Kingdom of Bhutan · Eastern Himalayas

Technical Guide & Modeling Protocol

High-resolution (250 m) historical and projected CMIP6 bioclimatic variable pipeline for Bhutan — built for species distribution modeling, climate vulnerability assessment, and conservation science.

0 BIO sets
0 Variables
0 GCMs
0 SSPs
250m Resolution
EPSG:5266 DRUKREF 03 1986 – 2100 Version 1.0.0 MIT Licensed
00

Abstract

This protocol describes the development and application of BhutanBioClims—a comprehensive, high-resolution (250 m) bioclimatic dataset for Bhutan derived from CMIP6 Global Climate Models (GCMs). The pipeline provides 121 sets of 19 standard BIOCLIM variables (Booth et al., 2014), spanning historical (1986–2015) and three future time slices (2021–2050, 2051–2080, 2071–2100) across four Shared Socioeconomic Pathways (SSP1-2.6, SSP2-4.5, SSP3-7.0, and SSP5-8.5) using 10 GCMs.
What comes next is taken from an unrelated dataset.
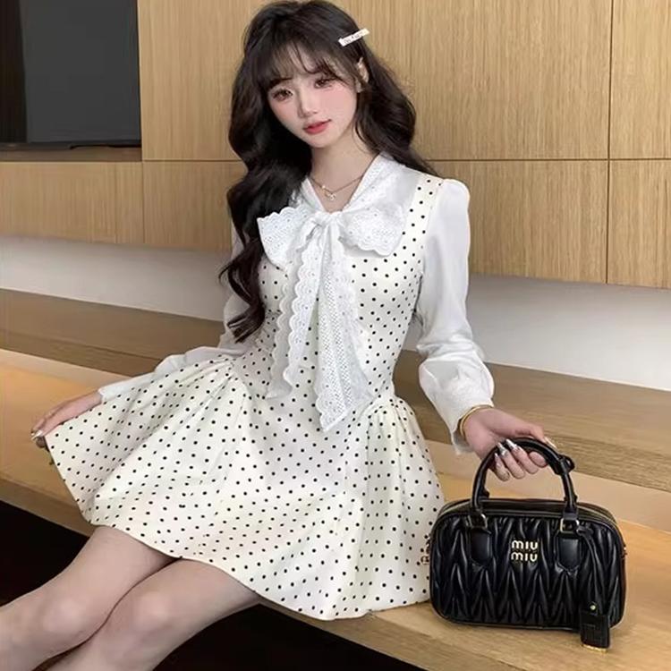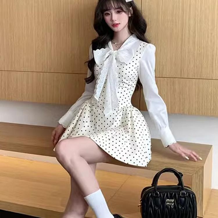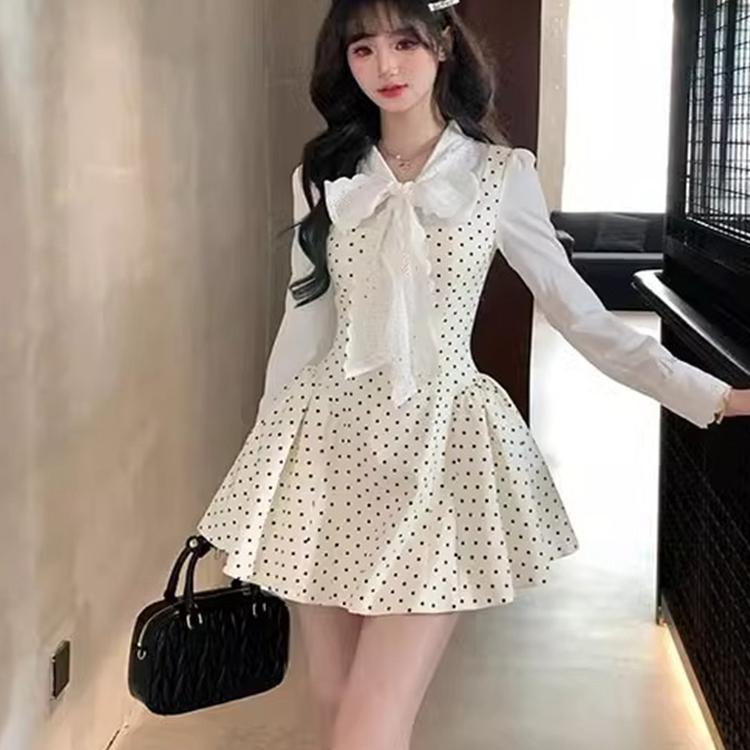 法式复古波点拼接假两件连衣裙女春季2025新款高级感收腰长袖短裙

CMIP6 GCM outputs were downscaled against historical data developed with Bhutan's national weather station network (Stewart et al., 2017; Stewart et al., 2021) using the delta change method applied to anomalies interpolated via bivariate thin plate splines. Bioclimatic variables were computed in R using the terra package (Hijmans et al., 2023), with automatic unit conversion from Kelvin to °C and from kg m⁻² s⁻¹ to mm month⁻¹ where required. The pipeline — not the rasters — is what this repository provides: a reproducible, scripted workflow that any user can run on the CSIRO source data to obtain analysis-ready bioclimatic layers. The dataset is rigorously quality-controlled for spatial alignment and multicollinearity, providing a modeling-ready foundation for species distribution modeling (SDM), climate vulnerability assessments, and environmental applications across the Eastern Himalayas.

Intended Audience

This pipeline is developed for Bhutanese ecologists, conservationists, climatologists, environmental scientists, agricultural researchers, forestry professionals, wildlife biologists, land-use planners, and policymakers—as well as the broader international research community—interested in climate modeling, SDM, habitat suitability analysis, climate change vulnerability assessments, and conservation planning in the Himalayan region.

01

Repository Value Proposition

Source Data: CSIRO (Dorji et al., 2025)

Raw monthly climate variables (precipitation, Tmax, Tmin) requiring substantial preprocessing before application in SDM workflows.

This Pipeline: BhutanBioClims v1.0

A reproducible pipeline that computes bioclimatic variables, multi-model ensemble products, and quality-controlled model-ready layers from the CSIRO source data. Download the source data, run the pipeline, and obtain analysis-ready outputs — no preprocessing code to write.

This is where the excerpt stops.